A Singapore-first privacy posture with global transparency and rights awareness.

Command Secrets is aimed at Singapore citizens and Singapore permanent residents, but it presents its privacy position in a way that also recognises global expectations for transparency, lawful use, data protection, customer rights, and controlled operational disclosure. This page explains those commitments in public-facing language.

Operating emphasis

Collect what is needed, explain why it is used, restrict access, and protect the service surface.
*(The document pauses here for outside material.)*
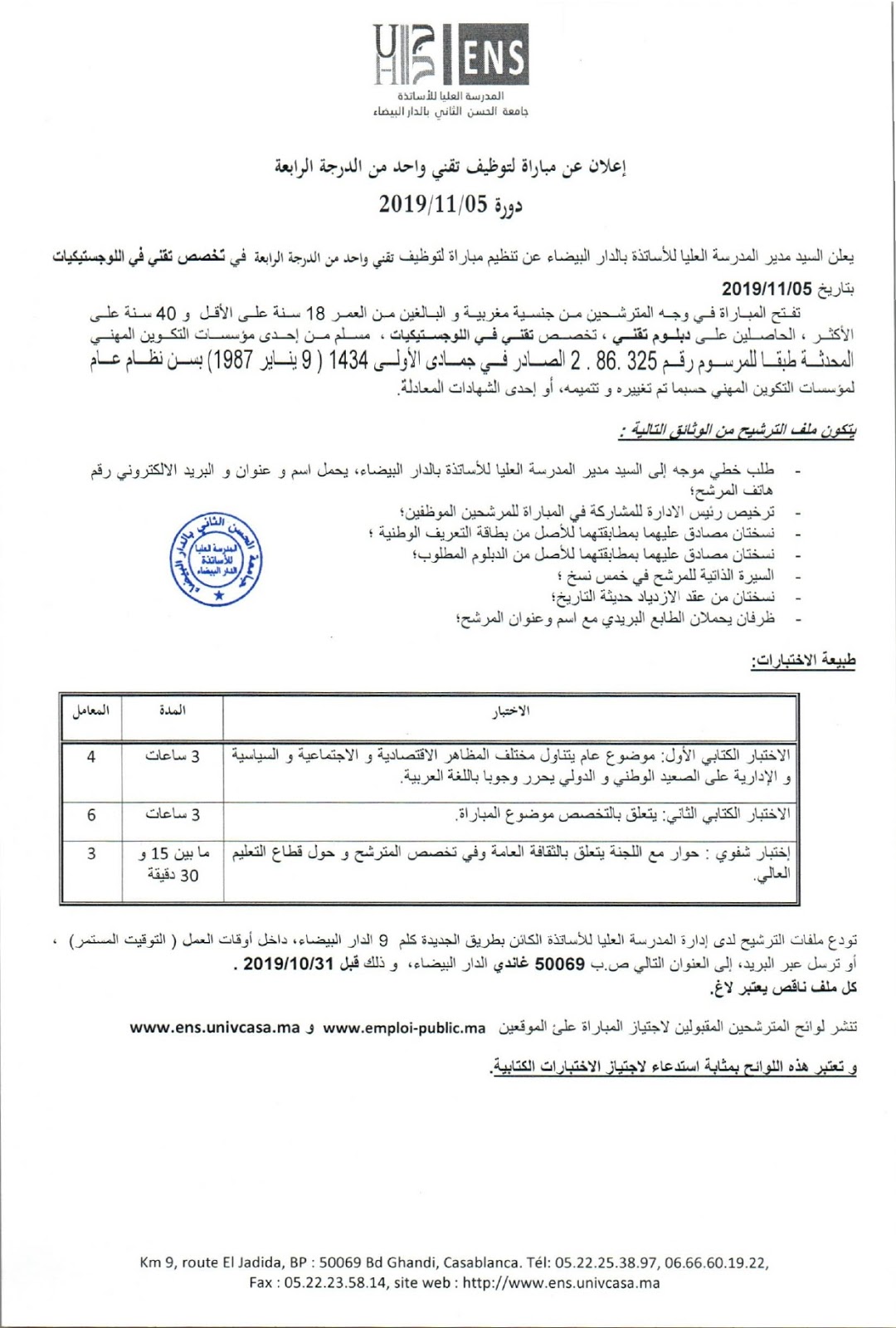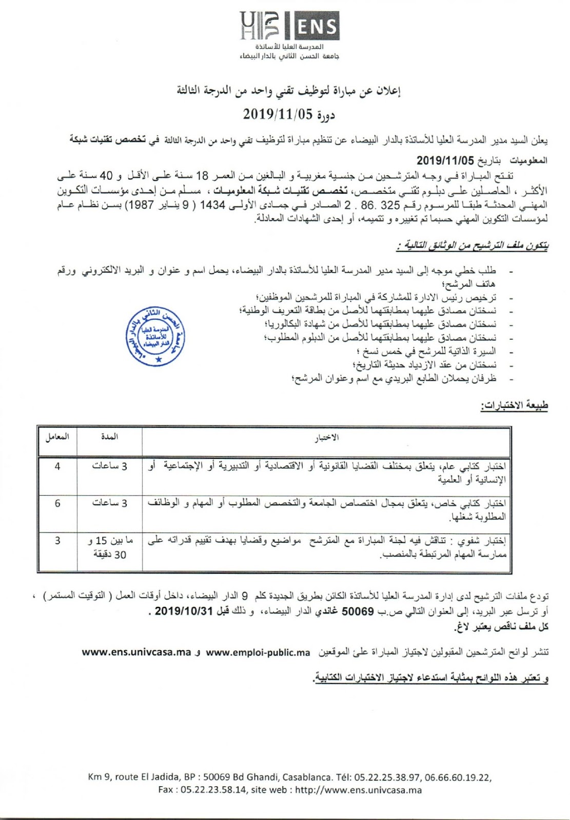 Alwadifa Casablanca / Alwadifa Maroc / Alwadifa technicien / Autres offres d'emploi / Emploi public / Etablissement Public / Offre d'emploi maroc / Offre d'emploi maroc / Offre d’emploi Casablanca / Offres d'emploi technicien / Par fonction / Par ville / Type المدرسة العليا للاساتذة الدار البيضاء مباراة لتوظيف 02 تقنيين من الدرجة الثالثة آخر أجل 30 اكتوبر 2019 ShareSharePin It المدرسة العليا للاساتذة الدار البيضاء مباراة لتوظيف 02 تقنيين من الدرجة الثالثة آخر أجل 30 اكتوبر 2019

These public pages are written to be clear, strict, and commercially readable. They explain how Command Secrets handles legal boundaries, customer requests, data safeguards, and protected intellectual property without exposing proprietary calculation logic.

PDPA-first handling

Because Command Secrets is offered for Singapore citizens and Singapore permanent residents, the privacy posture is written with strong emphasis on Singapore PDPA expectations for collection, use, disclosure, and care of personal data.

Global rights awareness

The page also addresses transparency and rights expectations associated with the GDPR, UK GDPR, CCPA/CPRA, and other applicable privacy laws where they may apply to users, visitors, or business operations.

Controlled access

Access to customer data, reports, and owner-level settings is expected to be limited by role, password controls, operational need, and security monitoring rather than open internal visibility.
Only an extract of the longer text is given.